N2 has more vdw so more heat of adsorption so adsorbs more strongly than H2 in bigger pores
H2 fills the small pores so N2 won’t be adsorbed in the pores
what does the sorption of gases depend on?
- the porosity of the sample = the amount of available surface for adsorption and if the gas molecule can fit through the pores
- the strength of interaction between the gas and the surface
- the temperature - the rigidity/flexibility
- more pore channels = they’re more accessible to nitrogen for higher adsorption - MUST BE accessible porosity though (internal)
how does crystal packing affect different sorption behaviour?
the different crystal packing - a higher density polymorph (connected voids) vs a lower density (non-connected voids) give different sorptions
How do crystallisation conditions affect the porosity?
rapid, forced crystal growth forms imperfect crystals and defects which can actually increase the SA as there’s more accessible surface area, pore volume, and less mass
what is the benefit of co-crystallising cages?
gives lots of unique cages with each cage having unique gas-sorption properties
allows for control of properties such as surface area and pore size
however it’s only possible bc cages are soluble small molecules and a driving force is needed
what is a driving force of co-crystallisation?
if the cages have helical chirality and are flexible they can switch between the isomers and form a racemic mixture
if the cages are rigid then a homochiral cage can be made
the opposite chiralities of cages may fit together better (more favourable packing) and be a driving force for co-crystallisation e.g.

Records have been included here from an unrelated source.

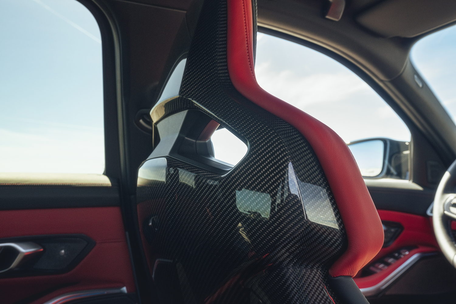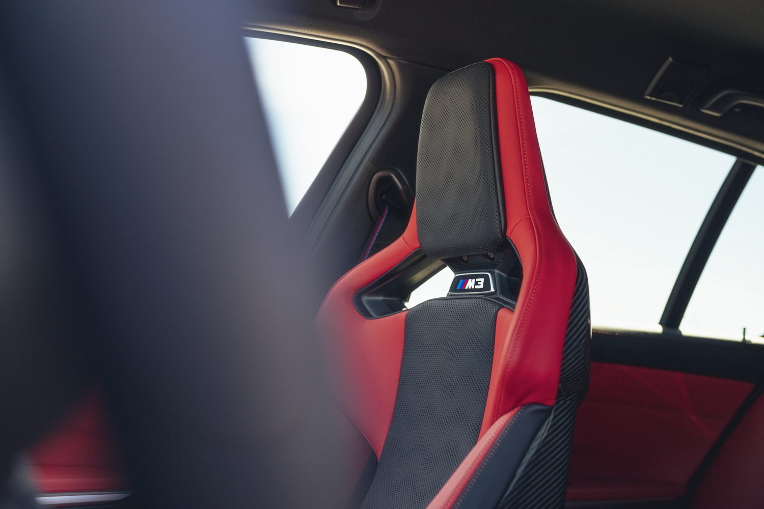 The interior is pretty similar, too, with the cabin dominated by BMW's Curved Display. The single wide housing includes the touchscreen infotainment system and the digital instrument cluster, which sits behind the steering wheel. That's par for the course in latest-generation 3 Series and 4 Series models, including the M cars, but the high-performance models are differentiated slightly.
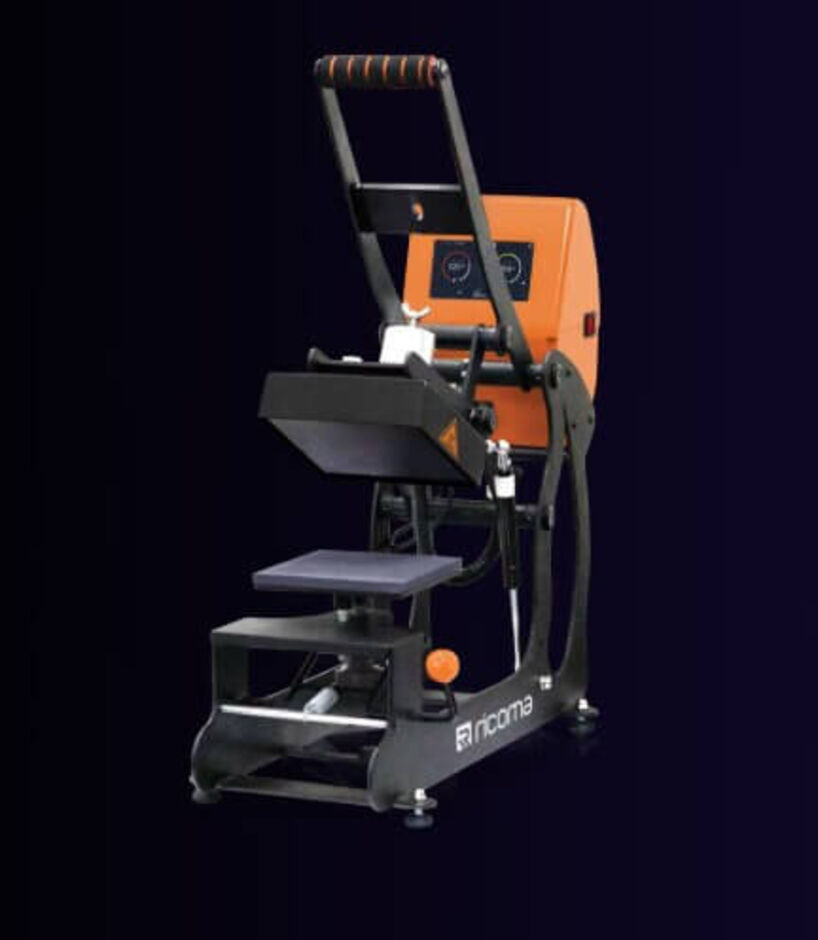 The Ricoma auto open heat press lets you apply upper chest logos, branded tags & labels in seconds.
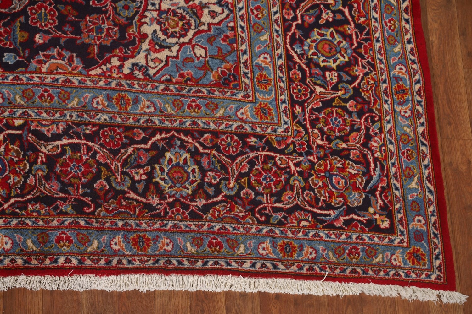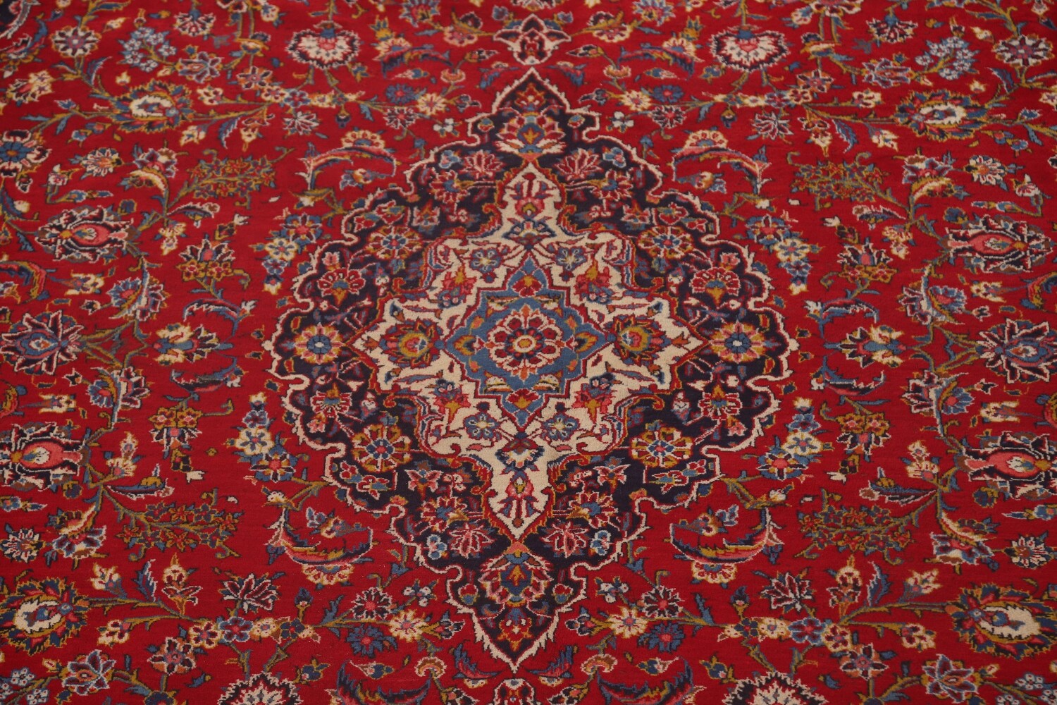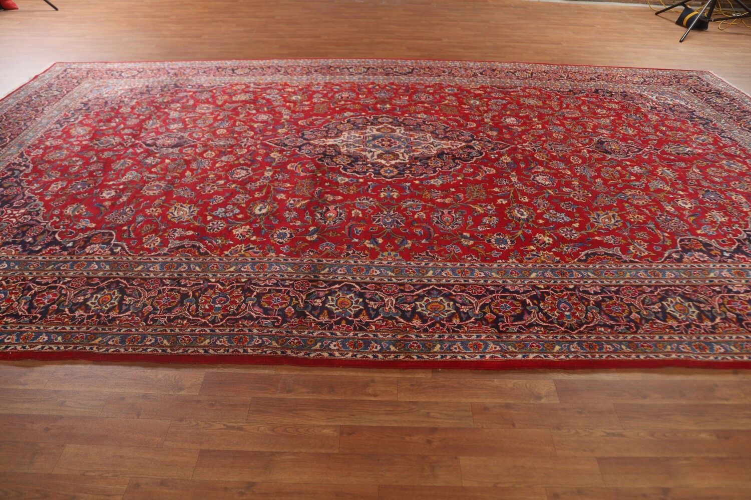 A Beautiful Genuine Persia ( Persia ) Kashan rug is Hand Knotted by skillful weavers in Persia ( Persia ) with 100% Wool Material. This rug is in Very Good condition. dimensions are 15' 9'' X 9' 7'' in foot and 480 X 292 in centimeter. the primary color is Red.

R completely surrounded by S
give an example of bimodal pore size
narrow pores run through the inside of the cages
wider pores run between the pillars of tubular cages that separate the layers of tetrahedral cages
How can controlling precipitation conditions control the sorption properties?

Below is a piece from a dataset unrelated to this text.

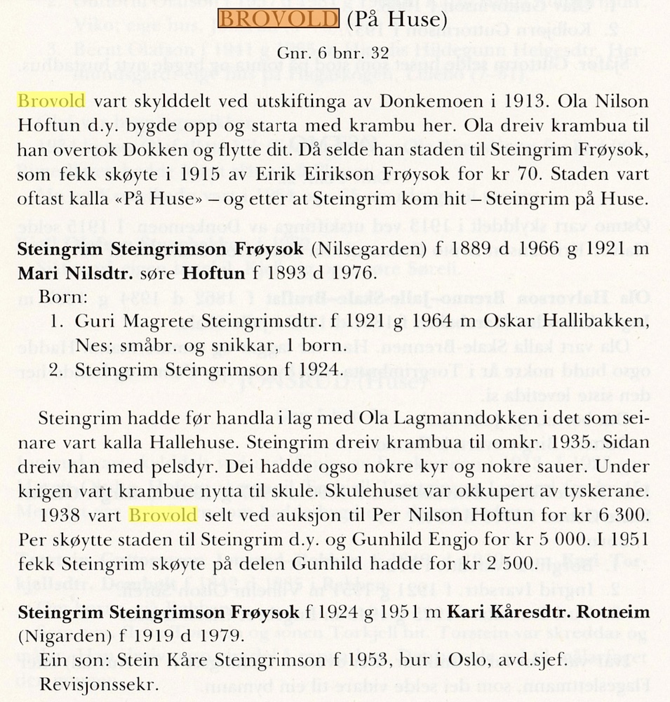 Krambua Brovold 1913-1935 (25 års drift)(B)(Donkemoen) Frå 1913 drei Ola Hoftun(B) handel i Brovold som ligg rett over vegen for Herad handel. Han dreiv her til han selde Brovold til Steingrim Frøysok, som handla her til 1935. Brovold vart seld på auksjon i 1938..
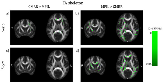 TBSS of differences on the FA skeleton between sequences after preprocessing with denoising (TFCE corrected, highlighted white matter areas: p < 0.05, (y,z) = (9,10)). (a,b) Verio: CMRR shows higher FA values in central brain areas, mainly in the CC, whereas MPIL shows higher FA values in lateral areas in the right hemisphere. (c,d) Skyra: MPIL delivers higher FA values in both hemispheres.

controlling temp and rate of addition can control size, shape, and crystallinity of the crystals
can also be used to grow crystals inside other support materials (beads/films)
applications of porous organic cages for shape separations?
can be packed into separation columns or coated inside gas chromatography columns, since they’re soluble
can then separate isomers and similar molecules that can’t normally be separated by just distillation
applications of porous organic cages for size separations?
Xenon gas fits favourably in a porous organic cage (CC3) and a packed column of the cage was able to separate it from the other components of air
SF6 can also be separated
applications of porous organic cages for porous liquids?
1) adsorbing a gas (Xe) or trapping a molecule in the cage
2) cages dissolved in a solvent that won’t fit through the windows
3) then a fluid to adsorb/compete with guests to release the gas from the cage cavities
4) can be pumped around a system for filtration